DIRECTIONS: Leaving the pictures aside, transcribe every line below exactly.

INPUT RECORDS:

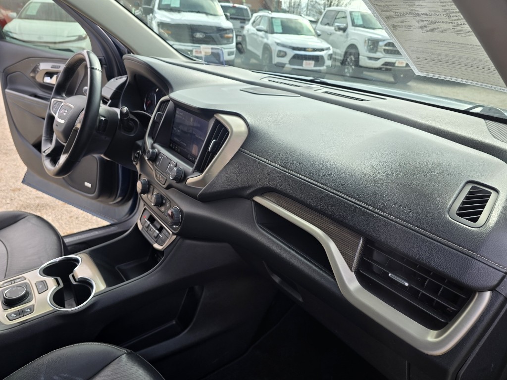 Conquer any rainy, snowy, or icy road conditions this winter with the all wheel drive system on this unit. This vehicle offers Automatic Climate Control for personalized comfort. The high efficiency automatic transmission shifts smoothly and allows you to relax while driving. Engulf yourself with the crystal clear sound of a BOSE sound system in the GMC Terrain. Protect this unit from unwanted accidents with a cutting edge backup camera system. Impresses the most discerning driver with the deep polished blue exterior on the vehicle. Good News! This certified CARFAX 1-owner vehicle has only had one owner before you. The GMC Terrain has a clean CARFAX vehicle history report. Set the temperature exactly where you are most comfortable in this GMC Terrain. The fan speed and temperature will automatically adjust to maintain your preferred zone climate. This unit warns of approaching vehicles with Cross-Traffic Alert. This vehicle features cruise control for long trips. The Electronic Stability Control will keep you on your intended path. This mid-size suv has a 4 Cyl, 1.5L high output engine. Enjoy the tried and true gasoline engine in this vehicle. The GMC Terrain features a hands-free Bluetooth phone system. Keep your hands warm all winter with a heated steering wheel in the GMC Terrain . Quickly unlock this model with keyless entry. This 2024 GMC Terrain 's Lane Departure Warning helps keep you in your lane. Lane Keep Assist in this 2024 GMC Terrain helps maintain safe driving by gently steering to stay within the lane. The leather seats in this unit are a must for buyers looking for comfort, durability, and style. Help alleviate lower back pain with the driver seat lumbar support in this unit. The spacious cabin accommodates your family and friends in comfort. Take it to the mountains or the beach. this 2024 GMC Terrain can handle it all. The installed navigation system will keep you on the right path. Keep safely connected while in this unit with OnStar. You may enjoy services like Automatic Crash Response, Navigation, Roadside Assistance and Hands-Free Calling. Load groceries and much more with ease into the GMC Terrain thanks to the power liftgate. Never get into a cold vehicle again with the remote start feature on the vehicle.
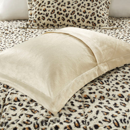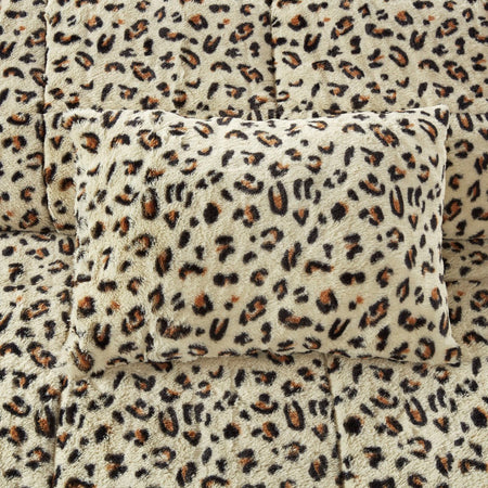 Zuri 4 Piece Faux Fur Comforter Set - Cheetah - Full Size / Queen Size
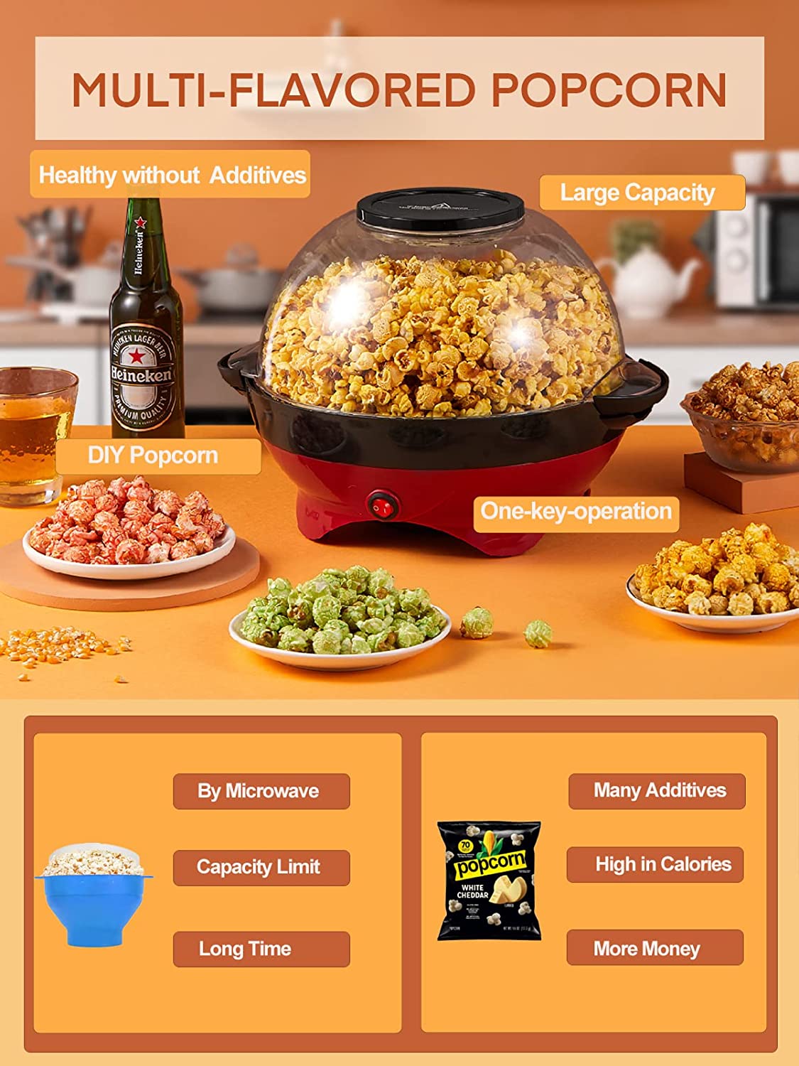 HOUSNAT 800W electric popcorn maker can make 6.3 Quarts of cinema-fresh popcorn for your family and friends at the same time within 4 minutes so you can enjoy the delicious taste. At the same time, the updated rapid heating technology makes the HOUSNAT popcorn maker 50% faster than the traditional stir popcorn maker, no need to preheat, no need to wait
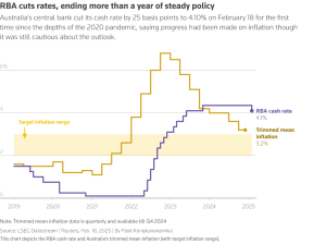The Reserve Bank of Australia (RBA) cut rates to 4.1%—its first reduction in over four years. With inflation cooling to 3.2%, rate cuts were expected. However, Australia’s strong job market still raises concerns that inflation could remain sticky. The RBA suggests that more cuts may come in the near future.
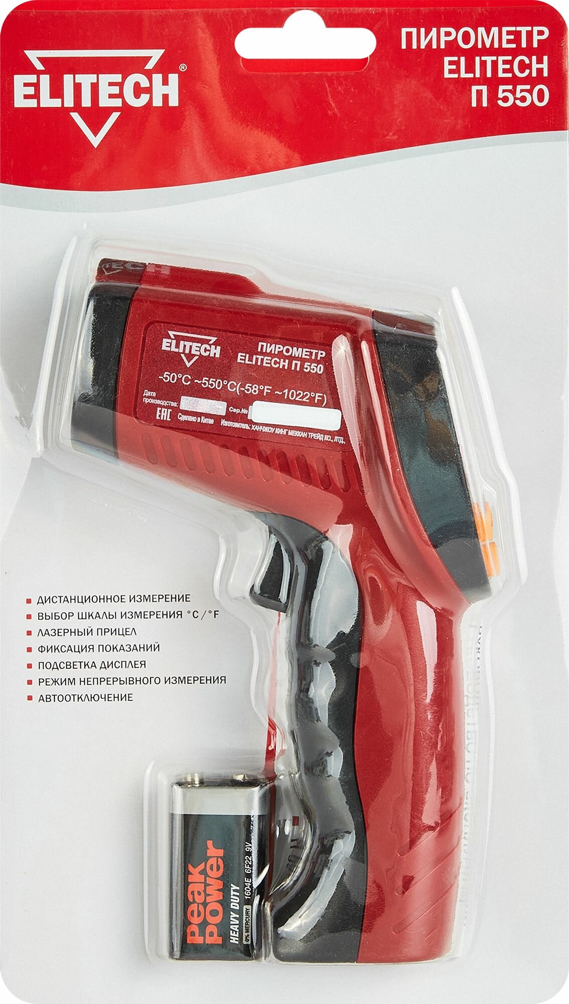 Пирометр ELITECH П 550 Пирометр,от-50°до+550град,9В батарея,лазер,ЖК дисплей,0.15кг,блистер
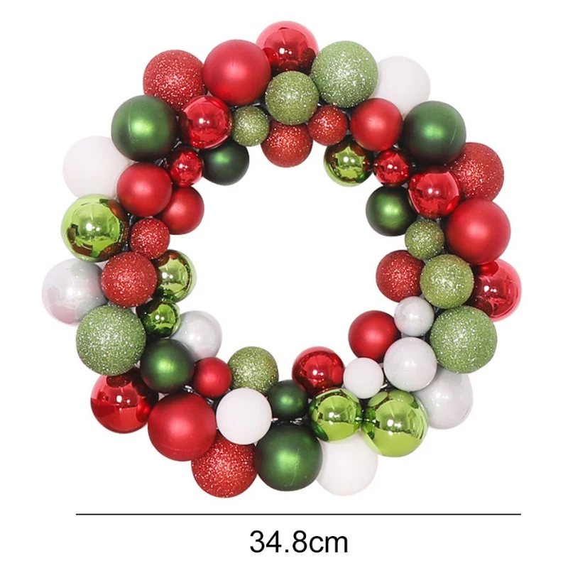 Sparkling Christmas Ball Wreath Front Door Hanging Garland Holiday Home Decoration Ornaments Random

RESPONSE BOX:
 Conquer any rainy, snowy, or icy road conditions this winter with the all wheel drive system on this unit. This vehicle offers Automatic Climate Control for personalized comfort. The high efficiency automatic transmission shifts smoothly and allows you to relax while driving. Engulf yourself with the crystal clear sound of a BOSE sound system in the GMC Terrain. Protect this unit from unwanted accidents with a cutting edge backup camera system. Impresses the most discerning driver with the deep polished blue exterior on the vehicle. Good News! This certified CARFAX 1-owner vehicle has only had one owner before you. The GMC Terrain has a clean CARFAX vehicle history report. Set the temperature exactly where you are most comfortable in this GMC Terrain. The fan speed and temperature will automatically adjust to maintain your preferred zone climate. This unit warns of approaching vehicles with Cross-Traffic Alert. This vehicle features cruise control for long trips. The Electronic Stability Control will keep you on your intended path. This mid-size suv has a 4 Cyl, 1.5L high output engine. Enjoy the tried and true gasoline engine in this vehicle. The GMC Terrain features a hands-free Bluetooth phone system. Keep your hands warm all winter with a heated steering wheel in the GMC Terrain . Quickly unlock this model with keyless entry. This 2024 GMC Terrain 's Lane Departure Warning helps keep you in your lane. Lane Keep Assist in this 2024 GMC Terrain helps maintain safe driving by gently steering to stay within the lane. The leather seats in this unit are a must for buyers looking for comfort, durability, and style. Help alleviate lower back pain with the driver seat lumbar support in this unit. The spacious cabin accommodates your family and friends in comfort. Take it to the mountains or the beach. this 2024 GMC Terrain can handle it all. The installed navigation system will keep you on the right path. Keep safely connected while in this unit with OnStar. You may enjoy services like Automatic Crash Response, Navigation, Roadside Assistance and Hands-Free Calling. Load groceries and much more with ease into the GMC Terrain thanks to the power liftgate. Never get into a cold vehicle again with the remote start feature on the vehicle.
 Zuri 4 Piece Faux Fur Comforter Set - Cheetah - Full Size / Queen Size
 HOUSNAT 800W electric popcorn maker can make 6.3 Quarts of cinema-fresh popcorn for your family and friends at the same time within 4 minutes so you can enjoy the delicious taste. At the same time, the updated rapid heating technology makes the HOUSNAT popcorn maker 50% faster than the traditional stir popcorn maker, no need to preheat, no need to wait
The Reserve Bank of Australia (RBA) cut rates to 4.1%—its first reduction in over four years. With inflation cooling to 3.2%, rate cuts were expected. However, Australia’s strong job market still raises concerns that inflation could remain sticky. The RBA suggests that more cuts may come in the near future.
 Пирометр ELITECH П 550 Пирометр,от-50°до+550град,9В батарея,лазер,ЖК дисплей,0.15кг,блистер
 Sparkling Christmas Ball Wreath Front Door Hanging Garland Holiday Home Decoration Ornaments Random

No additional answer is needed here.